The next most severe step is a complete reinstall of your operating system. Most people would prefer to avoid this, as it involves re-setting up the system in its entirety, including reinstalling any software you had been using, reconfiguring everything . . . it’s a pain. However, this is the only action short of purchasing a new computer which is virtually guaranteed to eliminate any malware. (One does read about super-sneaky malware that hides in disk controller firmware and such . . . those would not be eliminated, but they also do not seem to be common.)
Next on the list and less severe than the above would be to roll back the operating system to a previous point in time. On Windows, this is accomplished using System Restore. Assuming your system has been creating restore points, you can tell Windows to roll back to a previous date, which you would select to be one from well before you believe the hacking occurred. This has a decent chance of eliminating the problem. This step may also roll back some changes you made to the system that you still want, but those are probably easily reinstated.
The least severe step, and one which you can take in combination with the rollback step, would be to run a scan of your system to eliminate any known malware. For Windows, I recommend installing and running the free edition of Malwarebytes. Unfortunately, although this is a very effective step to take, there is no guarantee that taking this action will eliminate whatever caused the problem in the first place.

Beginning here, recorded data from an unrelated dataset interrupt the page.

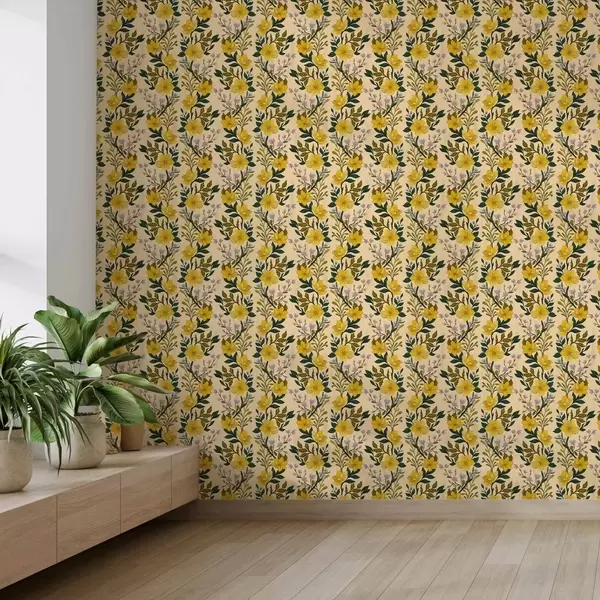 Behang Gele bloemen in verticale slingers op een crèmekleurige achtergrond Nr. a00632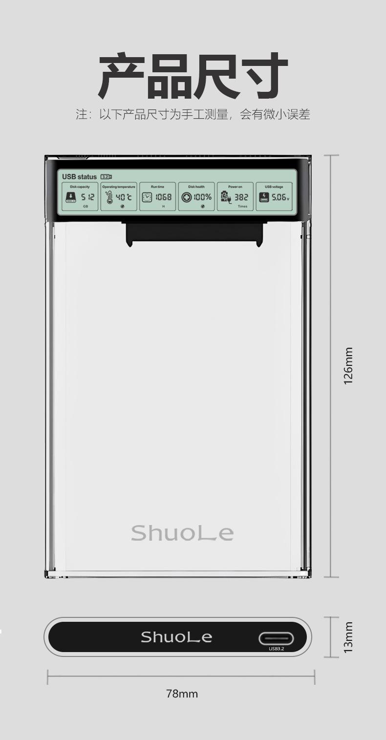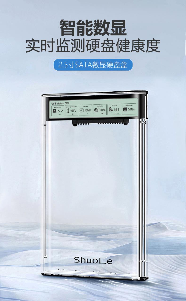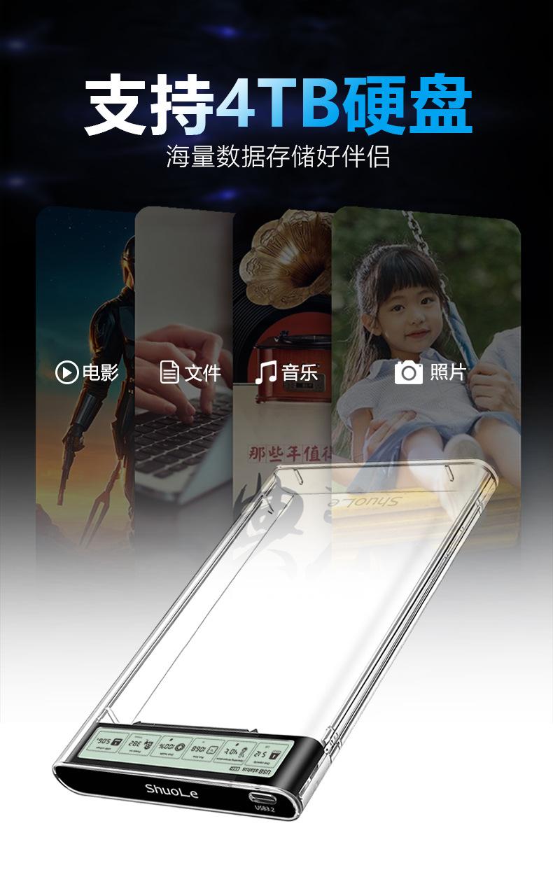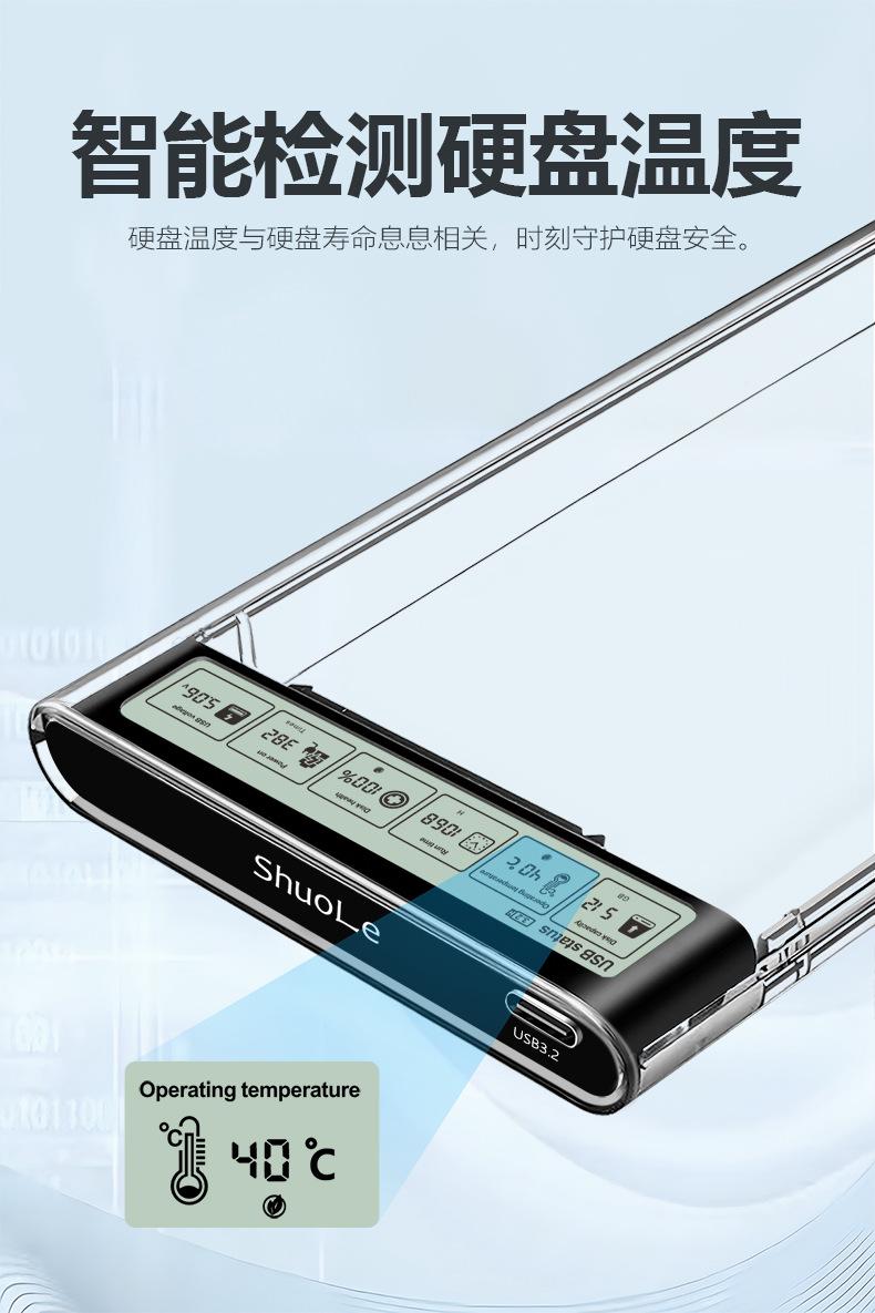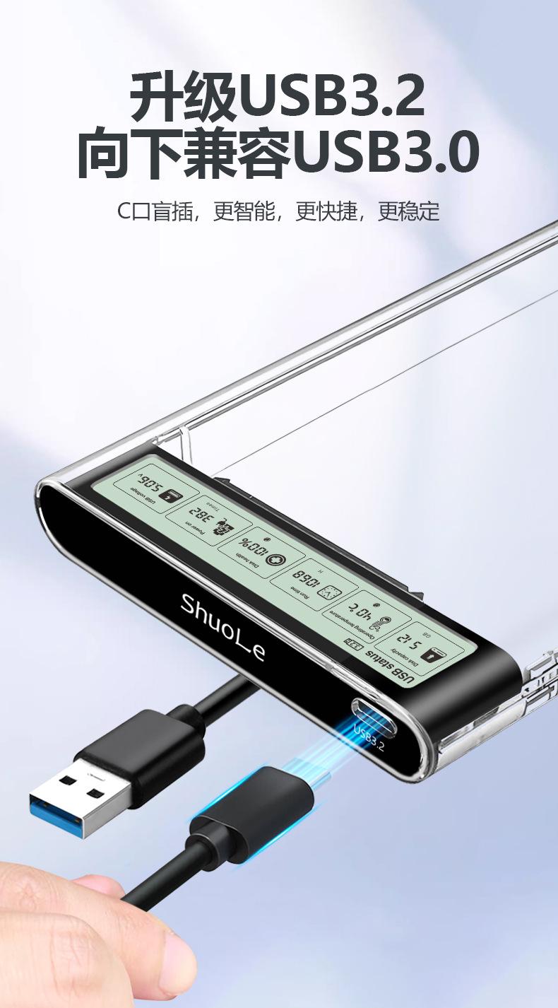 Shuole caja de disco duro con pantalla inteligente personalizada USB3.2 para notebook mecánico sólido de 2.5 pulgadas interfaz TYPE-C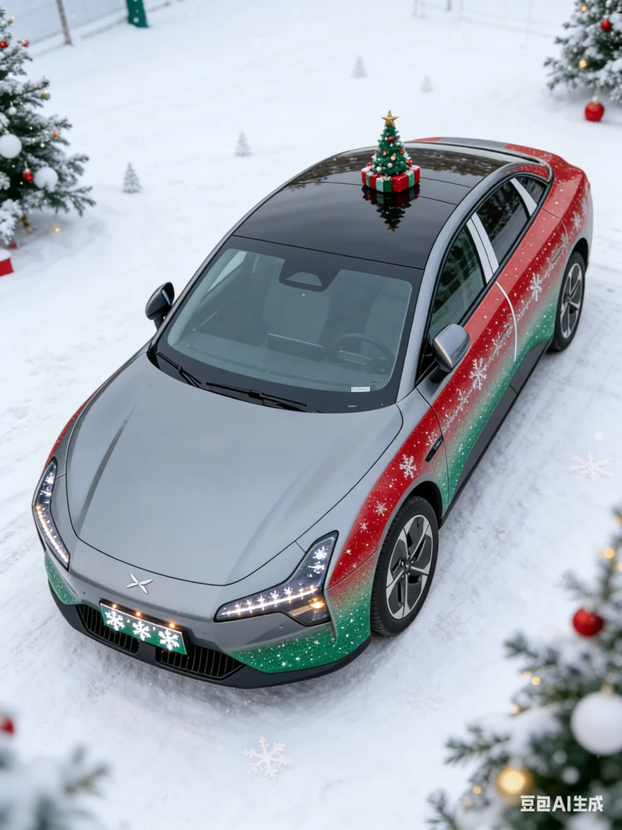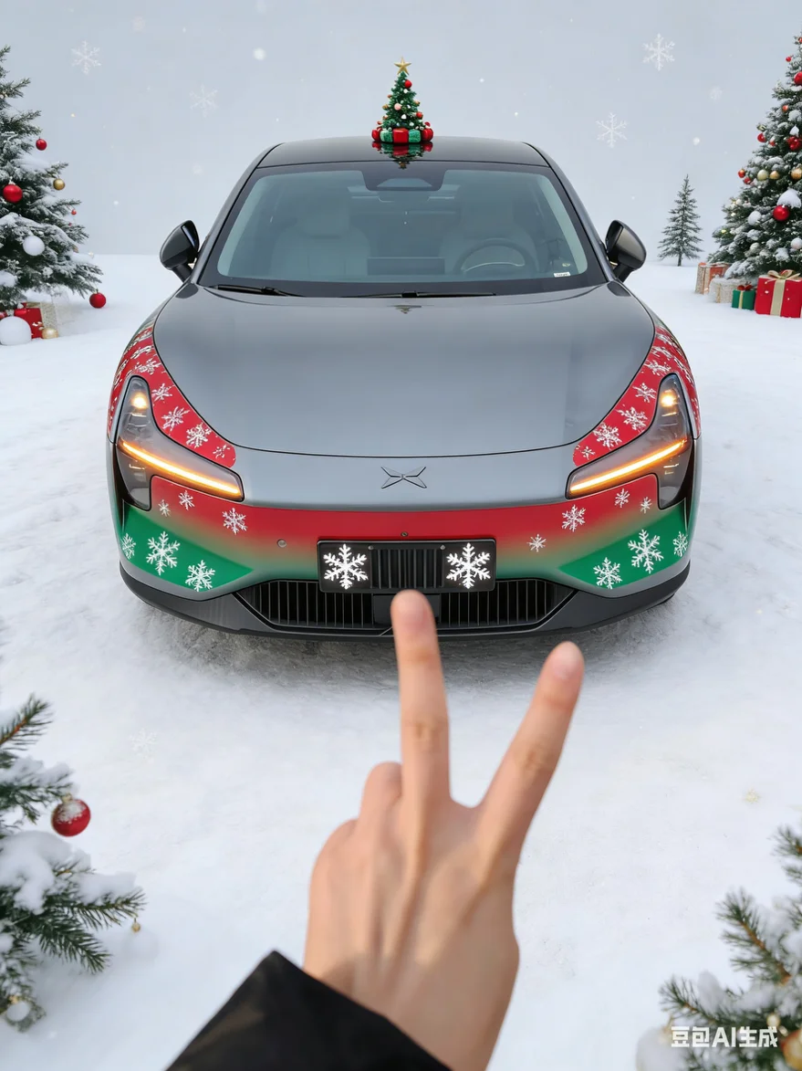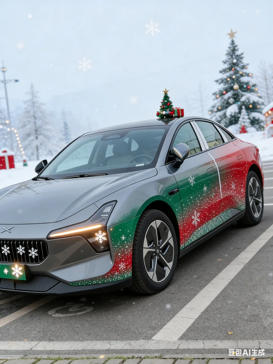 #我的圣诞魔力座驾# 圣诞魔法降临小鹏MONA 03!红绿色花纹沿低趴轿跑线条渐变,格栅雪花灯效闪烁,车顶圣诞装饰灵动吸睛。隐藏式门把手与星舰灯组呼应,AI智能加持下,每一次出行都满是科技感与节日浪漫,奔赴冬日美好。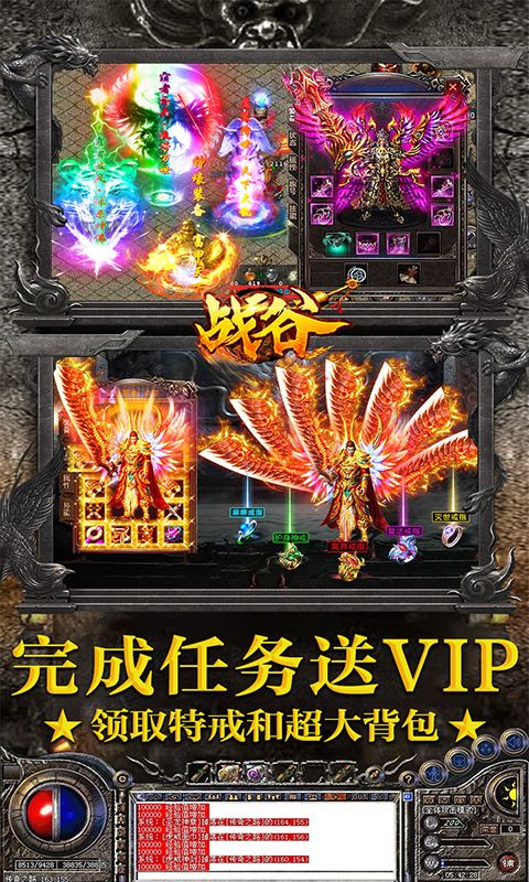 《战谷(攻速打钻版)》进服满攻速,一秒6刀,超爽感受,至尊体验;所有野外地图全部无限制进入,没有VIP门槛;特色时装地图,BOSS爆时装、足迹,N套外观等你爆;爆率超高,小怪也能爆终极;装备绝对保值,高阶装备能合成能升阶,终极能爆能合绝对良心;所有怪物均可爆转生材料,无需付费全靠爆!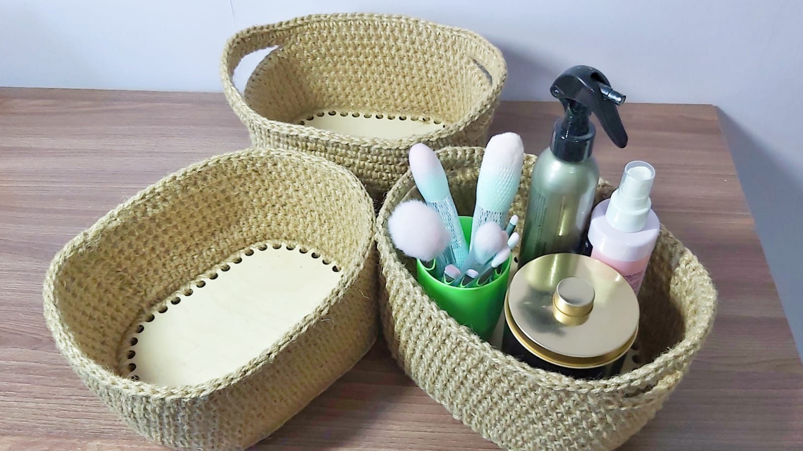 Доброе время суток! Сейчас модно иметь в доме джутовые корзины и вот не смогла остаться в стороне. Осваиваю новый для меня вид рукоделия. Решилась поделиться с Вами своими творениями. Всё просто классические корзинки. Материалы - джутовая пряжа, джутовые шнур, деревянные донышки 25*15 см.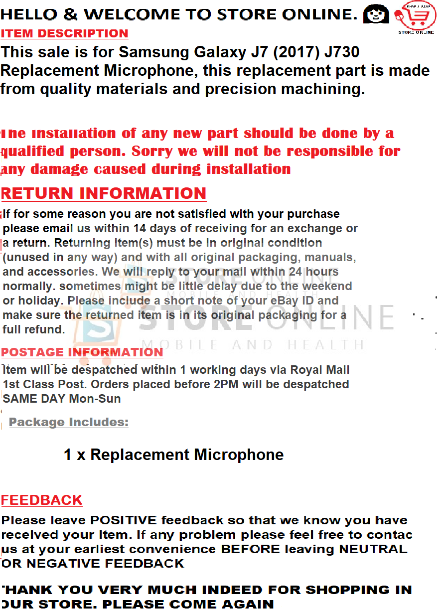 / Samsung Galaxy J7 2017 J730 Replacement Microphone

That is true even if the malware-eliminating software finds and eliminates some rogue program or programs on your system. It may still have missed the one that caused the problem, and there is no real way to know. The chief advantage of this step is that it makes no substantive changes to your system. That advantage may outweigh the uncertainty issue.
In addition to those steps, you will want to delete from your Amazon inventory any bogus items that hackers may have added.
Be Careful Out There
In order to prevent this issue from recurring in the future, it’s a good idea to practice sound Internet/Amazon hygiene:
Regularly (every two days) check your bank account, credit card, and user permission settings in Seller Central to make sure they have not been changed without your knowledge. Checking these regularly should enable you to report any unexpected changes to Amazon before money is exported from your account to that of a hacker.
Consider dedicating a computer to your sales activities. An old computer with a browser is usually sufficient; there is no great need for speed. (I do not do this due to the inconvenience, but it would provide greater security.)
Don’t open email attachments from people unknown to you.
Don’t open email attachments that appear to be from people known to you if you weren’t expecting them and the accompanying text does not ring true.
Don’t visit sketchy websites, or if you must, do it from a different computer than the one you use for your selling activities.
Don’t install software you don’t need.
Always be skeptical. Emails that in any sense say they want you to log into an account, or whose instructions if followed would result in you doing so, should be regarded with extreme skepticism. If you were to receive, for example, an email purportedly from Amazon.com that asked you to log into your account to check or verify something, do so by going directly to the Amazon (or other website) web address, NOT by clicking a link in the email. That link may take you to a fake website that will steal your login information.
Do not share your login password with anyone who doesn’t really need to know it. If you have people who need to take limited actions on your account, rather than giving them your password use the Seller Central features to create a user account with limited permissions.
Scan your system regularly (monthly, let’s say) with Malwarebytes or some other anti-malware product.
For Windows, make sure System Restore is operating and restore points are being created (a discussion of which is beyond the scope of this writeup). You can’t use them if you don’t have them.